Geomorphic Agent
Der Mensch ist ein ‹Geomorphic Agent›. Als bedeutendster Faktor in den formbildenden Prozessen der Erde bewegen wir heutzutage weit mehr Material als sämtliche natürlichen geologischen Prozesse zusammen. Das Abbauen, Transportieren und Deponieren von Roh- und Abfallstoffen hat im 21. Jahrhundert beispiellose Dimensionen erreicht, die sämtliche bisherigen Maßstäbe sprengen. Kiese, Sande und Erden – von Menschenhand in gigantischen Mengen bewegt – stellen gegenwärtig die größten Materialflüsse der Erde dar. Alleine in der Schweiz erzeugt jede Person unwissentlich rund 8 Tonnen Kies- und Sandabbau sowie 7 Tonnen Aushub und Bauschutt pro Jahr, was zusammen ungefähr dem Volumen eines vollen Betonmischer-Lastwagens entspricht. Die damit verbundenen Umwälzungsprozesse basieren auf einem globalen Netzwerk von Verkehrs-, Energie- und Sozialinfrastrukturen und stehen sinnbildlich für die fortschreitende Urbanisierung der Landschaft. Dabei stellt der weltweit exponentiell steigende Materialfluss, -kreislauf und -konsum nebst wirtschaftlichen, räumlichen, ökologischen und gesellschaftlichen Herausforderungen auch grundsätzlich unser Verständnis von und Umgang mit Landschaft in Frage.
Ziel der Forschungsassistenz war es, die Materialökologie im Allgemeinen und die anthropogenen Erdbewegungen im Spezifischen als zentralen Bestandteil von Urbanisierungsprozessen zu definieren und die damit verbundene absichtliche und unabsichtliche Produktion von Landschaft durch Rohstoffgewinnung, -transport und -entsorgung in den Fokus des städtischen Diskurses und der landschaftsarchitektonischen Lehre an der ETH Zürich zu rücken.
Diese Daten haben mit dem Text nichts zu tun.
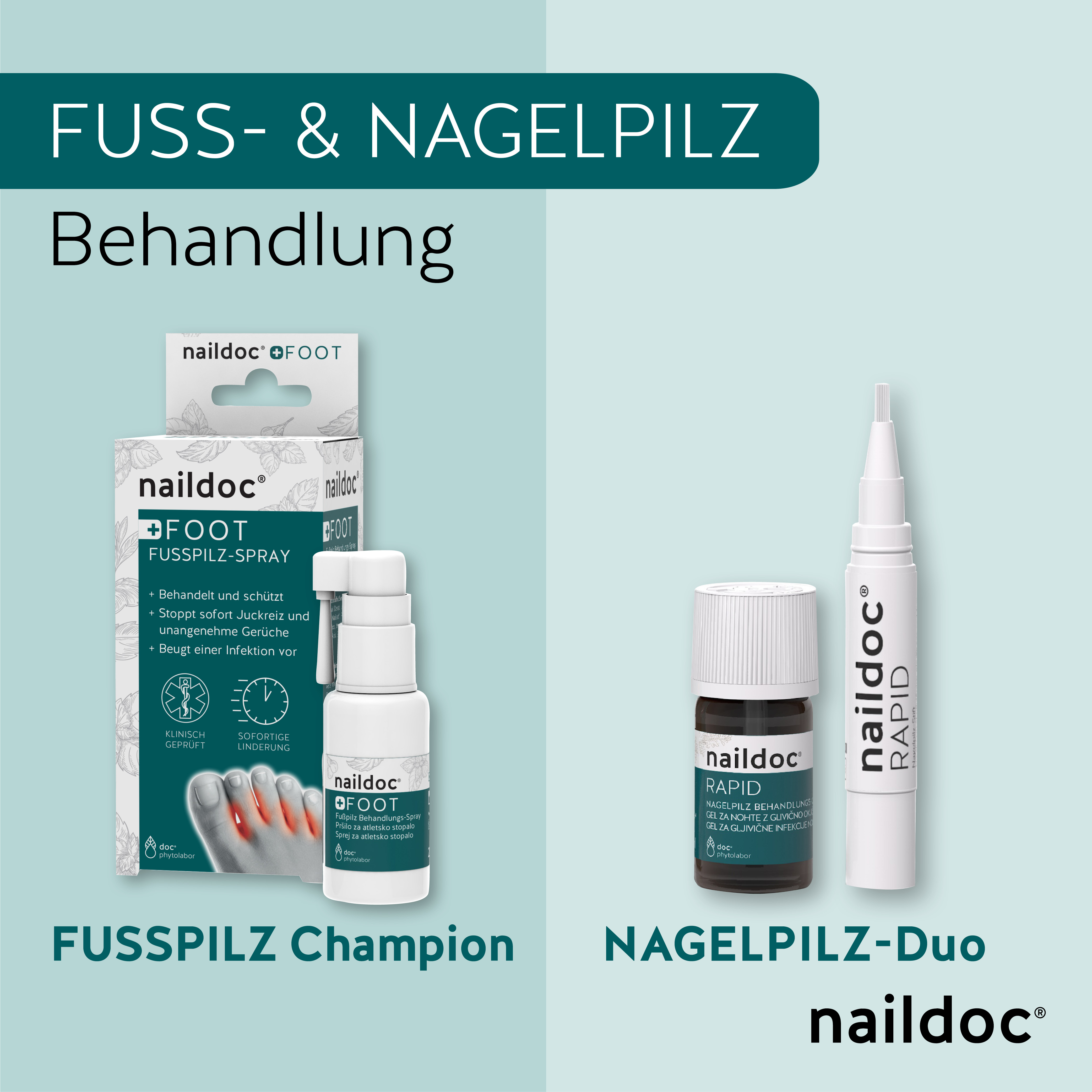 naildoc® +FOOT Fußpilz- Spray dient zur Behandlung und Vorbeugung von Fußpilz.

Hierzu wurden sämtliche Statistiken zum Thema Rohstoffkonsum und Materialflüssen in der Schweiz ausgewertet, zusammengetragen und grafisch in Form von Karten und Diagrammen dargestellt, um die unterschiedlichen Dimensionen, Geographien und Prozesse zu visualisieren.
Dabei war einerseits das Ziel, die Problematik umfassend und vielschichtig darzustellen sowie eine handfeste Grundlage für landschaftsgestalterische Diskussionen, weiterführende Forschung und aktuelle Lehre zu schaffen. Andererseits sollte eine klare Position zum Thema entwickelt werden, welche die wirtschaftlichen, gestalterischen, ökologischen und sozialen Potentiale hervorhebt und neue Ansätze im Umgang mit Abbau- und Aufbaulandschaften, Aushub und anderen mineralischen Abfällen aufzeigt. Dabei standen unter Anderem folgende Fragen im Zentrum: Was sind die räumlichen Langzeitfolgen und Zukunftsperspektiven dieser zunehmenden Erdbewegungen? Wie lässt sich das überwiegend statische und protektionistische Verständnis von Landschaft, welches durch Politik und Gesellschaft getragen wird, mit den tiefgreifenden Umwälzungen von Boden vereinbaren? Wie können neue programmatische und gestalterische Ansätze adäquat mit den dynamischen Landschaftsprozessen umgehen?
Projektteam: Günther Vogt, Daia Stutz
Projektdauer: Januar bis Dezember 2014
Bildlegende: Aushubdeponie des Ceneri-Basistunnel in Sigirino.